Although FIGS. 1 and 2 illustrate upconverter 16 mounted permanently on photosensor 12, the apparatus 10 could also be constructed as shown in FIG. 5, with a slot 52 over faceplate 20 to permit various replaceable upconverter plates 54 to be used depending upon the infrared sensitivity desired. Alternatively, a snap-fit arrangement could be employed in lieu of a slot to permit the use of replaceable plates of different 1R sensitivities.

In a further embodiment of the invention, upconverting material 38 is disposed in only a portion of an otherwise transparent plate so that it does not cover the entire field of view of photosensor 12. For example, the upconverting material 38 could be disposed as a spot 55 at the center of the plate (FIG. 6A), or as a ring 56 around the periphery of the plate (FIG. 6B). Such types of arrangements permit the user of apparatus 10 to see the visible background as well as the infrared emitting sources detected by upconverting material 38.

In a still further embodiment of the apparatus shown in FIG. 7, a rugged, permanent device can be obtained by disposing upconverting material 38 inside, rather than outside, fiberoptic faceplate 20. This embodiment would require a visible light source within the apparatus, such as green or blue LED's, to charge up material 38, because visible light would not otherwise reach the material.

If a CCD output is desired for video or other purposes, apparatus 10 can be constructed as shown in FIG. 8, with a CCD unit 60 disposed at the output of the fiber optics bundle 34 of the image intensifier tube.

Although the present invention has been described in connection with preferred embodiments thereof, many variations and modifications will now become apparent to those skilled in the art. It is preferred, therefore, that the present invention be limited not by the specific disclosure herein, but only by the appended claims.

Claims

1. Photodetection apparatus comprising:

photosensitive means usefully responsive to electromagnetic energy in a first wavelength region;

active pre-charged photon energy conversion means for receiving electromagnetic energy of wavelengths longer than said first wavelength region and in a region to which said photosensitive means is insensitive and emitting electromagnetic energy in said first wavelength region in response thereto, said energy conversion means being substantially optically transparent to radiations over a substantial portion of said first wavelength region; and

means optically coupling said energy conversion means to said photosensitive means, including direct physical contact thereto, whereby said photosensitive means provides information concerning incident electromagnetic energy in both said first wavelength region and at said longer wavelengths.

2. Photodetection apparatus according to claim 1, wherein said photosensitive means comprises an image intensifier tube.

3. Photodetection apparatus according to claim 1, wherein said photon energy conversion means comprises a material which emits electromagnetic energy of shorter wavelengths than the wavelengths of the incident electromagnetic energy; and a carrier for said material.
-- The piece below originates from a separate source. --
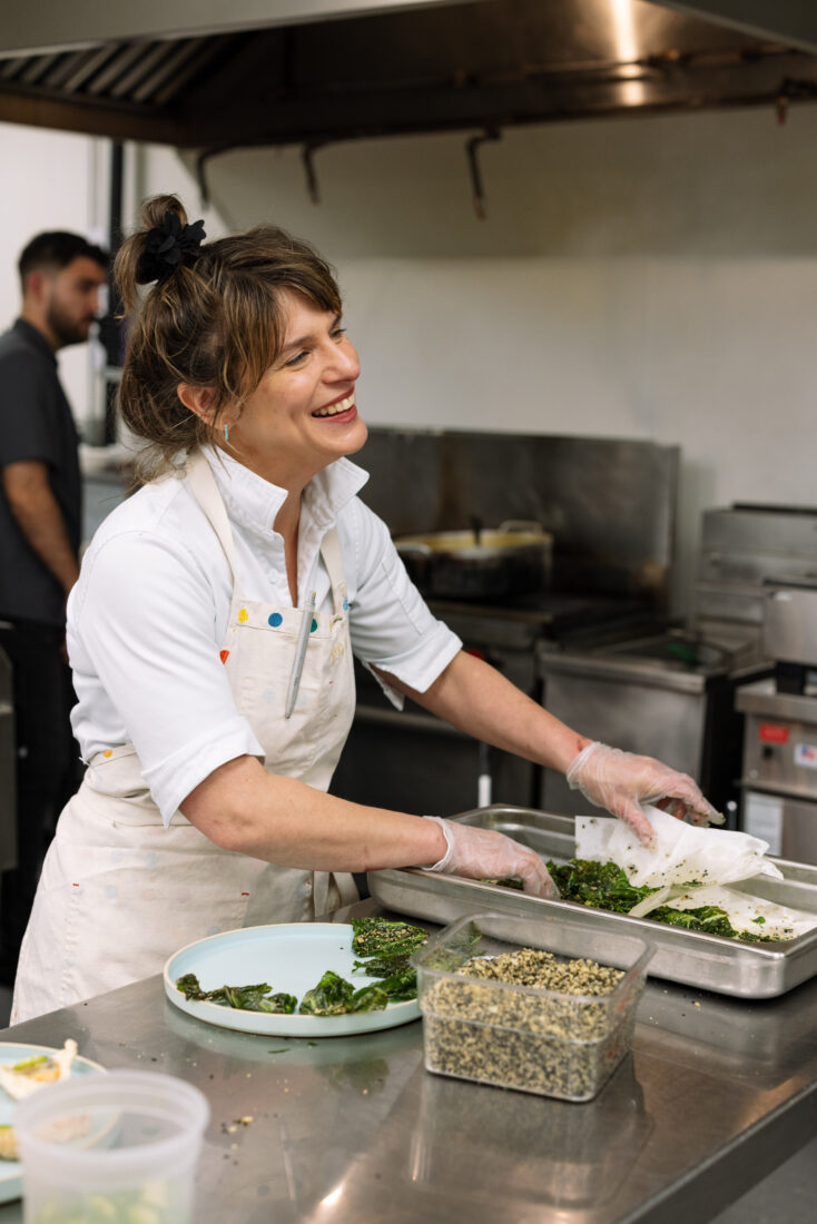 Chef Vivian Howard of Charleston’s Lenoir preps fried collards for cocktail hour.

4. Photodetection apparatus according to claim 3, wherein said material comprises a base of calcium sulfide.

5. Photodetection apparatus according to claim 4, wherein said material further comprises dopants of europium and samarium.

6. Photodetection apparatus according to claim 3, wherein said carrier is the fiber-optic faceplate of a photosensitive means.

7. Photodetection apparatus according to claim 3, wherein said carrier material comprises a sapphire substrate.

8. Photodetection apparatus according to claim 1, wherein said apparatus further includes housing means for said photon energy conversion means and said photosensitive means.

9. Photodetection apparatus according to claim 2, wherein said photon energy conversion means is disposed in a replaceable plate which fits over said image intensifier tube.

10. Photodetection apparatus according to claim 2, wherein said photon energy conversion means is permanently disposed within said image intensifier tube.

11. Photodetection apparatus according to claim 2, wherein said photon energy conversion means covers only a portion of the field of view of said image intensifier tube.

12. Photodetection apparatus according to claim 2, further comprising a CCD sensor disposed at the output of said image intensifier tube.